Some issues in the memo that feel as relevant today as 30 years ago: avoiding unnecessary spending, leading by example is more powerful than just having rules and policies, headcount growth is not always necessary to reach objectives and it is important to make tough personnel decisions.
While technology changes fast, many business challenges are essentially the same decade after decade.
Matthew Ball has written the free mini-book The Streaming Book covering the development of online video streaming. Matthew has written about streaming for a long time and has gathered the history of streaming, metrics, cost of production etcetera in an easy-to-read format.
I’ve previously written about the current status of online video streaming market, where five of six major U.S. streaming companies each are making annual losses of $2-4 billions. It is a situation that is likely to change, especially in an environment where consumer and advertising spending is likely to continue to be under pressure and the stock market doesn’t like large losses.
To me a reasonable overall response is to lower investments in new content combined with consolidation to keep value for money high and churn low, lower marketing spend and layoffs.

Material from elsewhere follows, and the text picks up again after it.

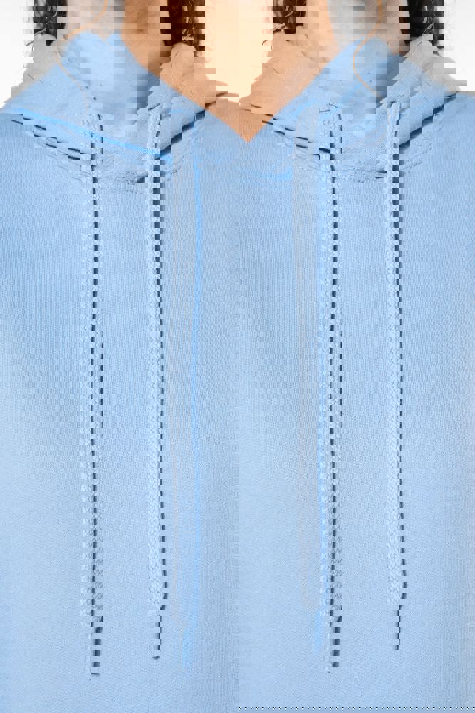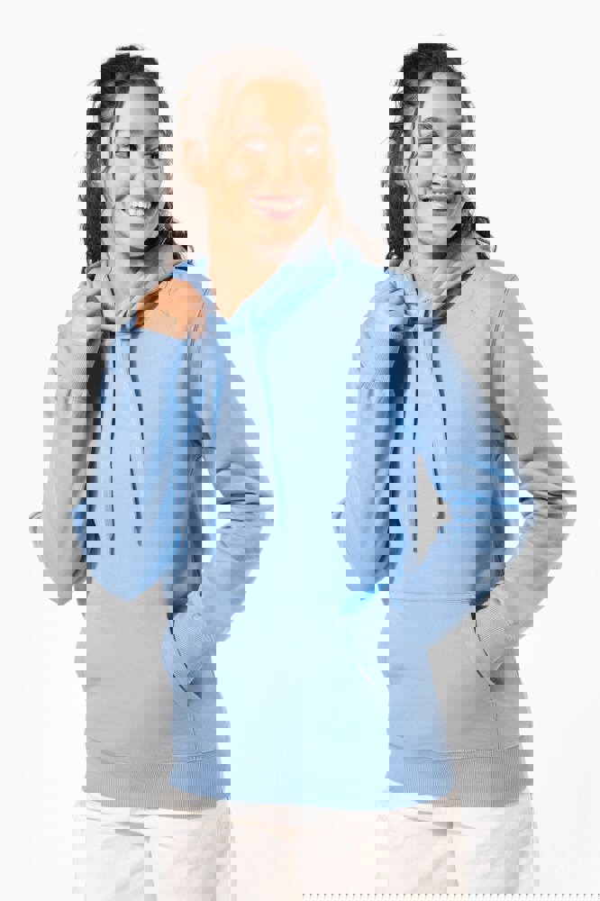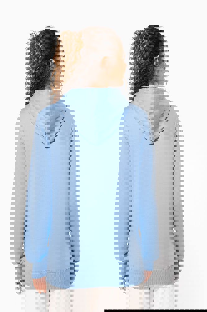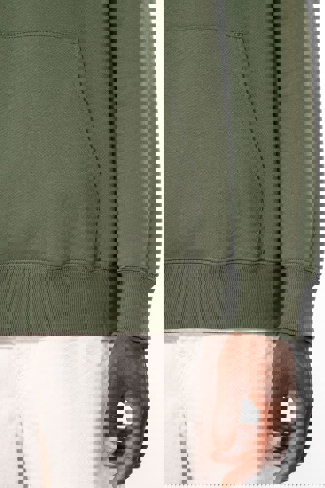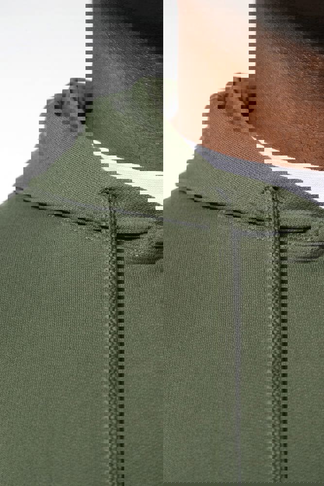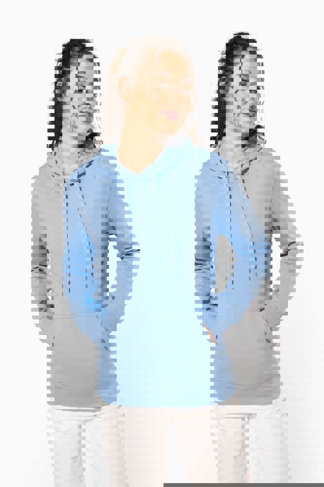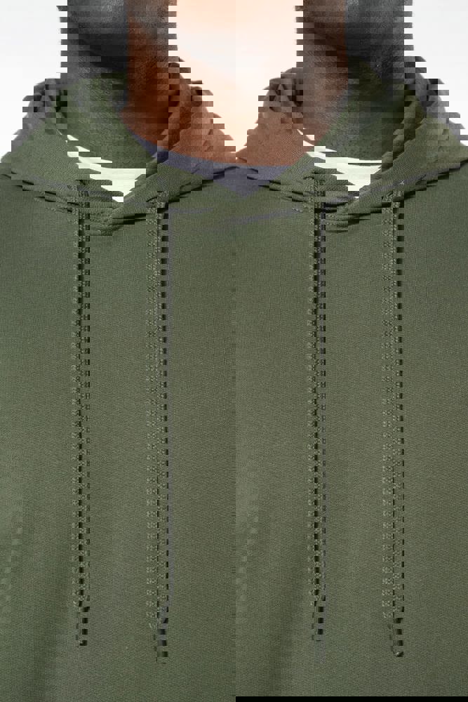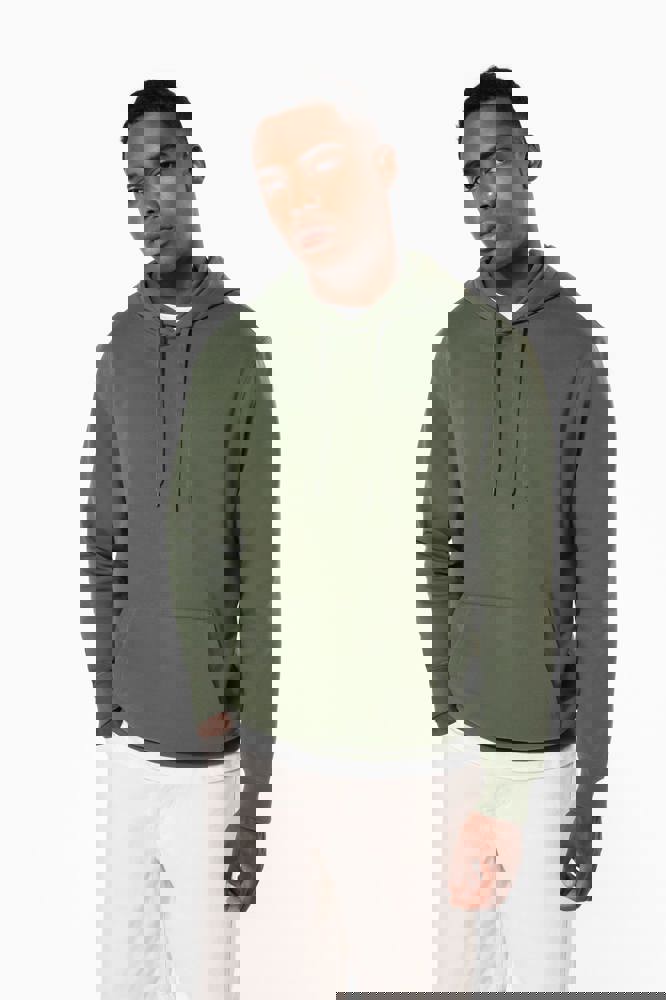 50% ringgesponnen katoen / 50% gerecycled polyester post-consumer. Geborsteld fleece aan de binnenkant. Straight snit. Cut-and-sew-techniek. 2x1 ribboord in buisconstructie voor een betere afwerking aan de hals, de mouwuiteinden en de onderkant. Kangoeroezak. Gevoerde capuchon in jersey-polykatoen met platte aanrijgkoordjes. Ton-sur-ton nektape in jersey in de kraag. Geen merklabel in de kraag, maar enkel een maatlabel voor eenvoudige personalisatie.

One interesting data point, of many, is the value of long-term, loyal subscribers (more than 24 months). If you have a great product, the month to month churn goes dow to below 2 %. The problem is that you need a great product and that it takes two years to get there
Startups in general and SaaS in particular have the ability (and tendency) to look at a lot of metrics. But looking at too many metrics make it difficult to communicate how things are going. Even if there are 40 things to improve, there shouldn’t be that many key metrics.
Don Valentine, the founder of Sequoia Capital, said: “There are two things in business that matter […] high gross margins and cash flow. All the other financial metrics you can forget. […] if you have a product with high gross margins, and Fairchild did, it generates huge cash flow. And that means you can grow the company as fast as the market will allow. “
As most costs in a SaaS company are personell related (which is different from many consumer companies that have significant non-personell marketing costs), looking at revenue per employee as an overall efficiency metric is effective. (Jason Lemkin pointed out that if a SaaS company reaches $400,000+ in annual revenue per employee it should be cash flow positive.)
Revenue growth, gross margin, cash flow and revenue per employee will not replace all dashboards and metrics, but if those four numbers are good a SaaS company should be in a good place.
One interesting data point is their benchmark for payback time for customer acquisition costs for SaaS. Payback time can be longer for larger customers, not surprising as it often takes longer to acquire them, but should be below 12 months to be great for all types of customers.
Two other data points are that public cloud companies spend 20 % of revenue on R&D (mainly engineering) and 12 % on G&A (everything that is not sales & marketing or research & development). Those are numbers to aim for and try to beat as a SaaS company grows.
The Difficulty Ratio is a good read, by David Sacks, on sales, pricing and sales cycles. The idea is that in order for sales at a particular level of pricing to work, it cannot take too long to close a deal.
The article has some practical tips on how to fix the situation if you are pricing too cheap to your sales velocity (or selling too slow to your pricing), including pricing, features, targeting new customer segments and making your sales more efficient.
On April 1st, 2006 Spotify was founded. It is almost impossible to overestimate the importance of Spotify to Stockholm as a technology ecosystem. While founders’ dreams and intentions are interesting, what truly matters is creating something that matters to a lot of people and has impact at scale.